Activity -
Leaving out every picture, retype the lines below from the top through the one that contains "Слайд 18Иван-чай используется".

Raw data -
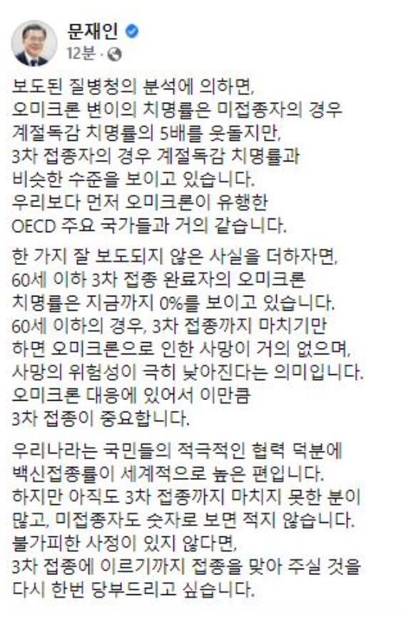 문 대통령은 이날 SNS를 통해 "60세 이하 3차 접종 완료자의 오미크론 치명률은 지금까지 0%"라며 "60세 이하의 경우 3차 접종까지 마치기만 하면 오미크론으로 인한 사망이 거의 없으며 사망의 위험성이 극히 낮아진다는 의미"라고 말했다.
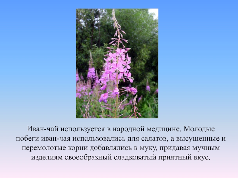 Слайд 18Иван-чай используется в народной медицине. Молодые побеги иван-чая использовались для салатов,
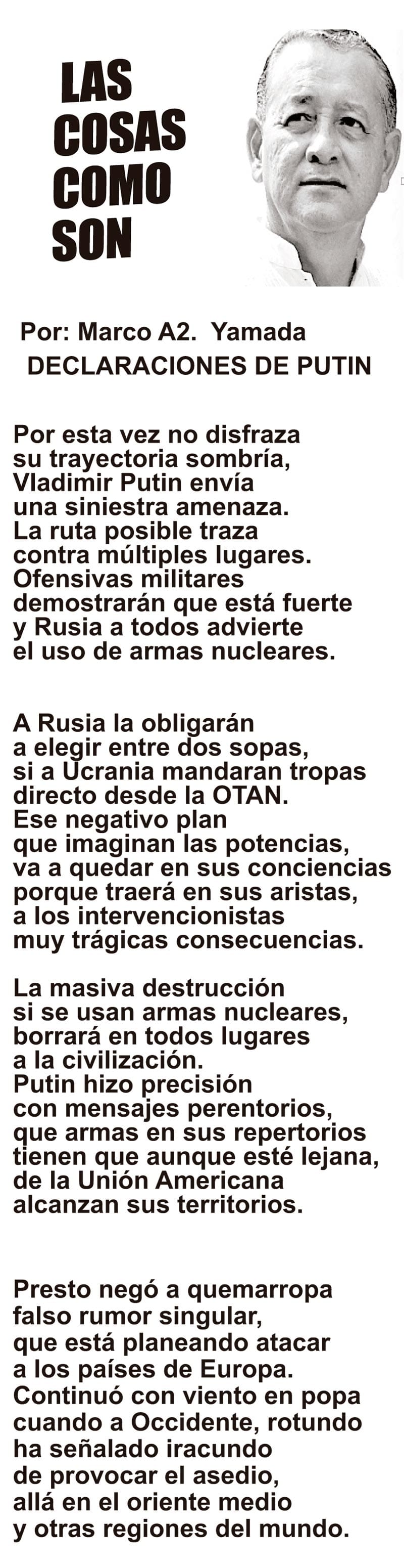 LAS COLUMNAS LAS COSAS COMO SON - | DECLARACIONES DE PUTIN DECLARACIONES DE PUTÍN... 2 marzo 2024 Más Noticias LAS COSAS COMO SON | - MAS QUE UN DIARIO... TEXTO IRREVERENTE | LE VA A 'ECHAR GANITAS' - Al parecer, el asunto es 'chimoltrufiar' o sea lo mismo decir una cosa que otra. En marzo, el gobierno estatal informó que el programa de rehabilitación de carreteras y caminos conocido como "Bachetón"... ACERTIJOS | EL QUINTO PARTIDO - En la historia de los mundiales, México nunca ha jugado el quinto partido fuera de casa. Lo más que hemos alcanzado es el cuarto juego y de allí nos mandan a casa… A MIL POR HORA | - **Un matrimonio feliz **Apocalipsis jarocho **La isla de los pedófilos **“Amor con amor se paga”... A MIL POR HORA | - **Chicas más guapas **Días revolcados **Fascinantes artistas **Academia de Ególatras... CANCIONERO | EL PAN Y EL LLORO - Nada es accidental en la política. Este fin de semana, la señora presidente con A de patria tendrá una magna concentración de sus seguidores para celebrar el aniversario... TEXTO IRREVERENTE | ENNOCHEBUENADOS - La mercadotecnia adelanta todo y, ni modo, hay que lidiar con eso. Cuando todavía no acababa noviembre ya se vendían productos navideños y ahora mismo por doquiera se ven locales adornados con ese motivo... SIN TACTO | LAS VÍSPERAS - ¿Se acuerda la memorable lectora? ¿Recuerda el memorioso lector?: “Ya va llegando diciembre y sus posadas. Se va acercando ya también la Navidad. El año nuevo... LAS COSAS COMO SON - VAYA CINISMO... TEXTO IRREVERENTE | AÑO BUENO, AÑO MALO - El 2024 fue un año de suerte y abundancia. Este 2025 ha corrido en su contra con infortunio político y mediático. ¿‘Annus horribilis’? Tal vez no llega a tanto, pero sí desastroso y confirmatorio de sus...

Solution -
 문 대통령은 이날 SNS를 통해 "60세 이하 3차 접종 완료자의 오미크론 치명률은 지금까지 0%"라며 "60세 이하의 경우 3차 접종까지 마치기만 하면 오미크론으로 인한 사망이 거의 없으며 사망의 위험성이 극히 낮아진다는 의미"라고 말했다.
 Слайд 18Иван-чай используется в народной медицине. Молодые побеги иван-чая использовались для салатов,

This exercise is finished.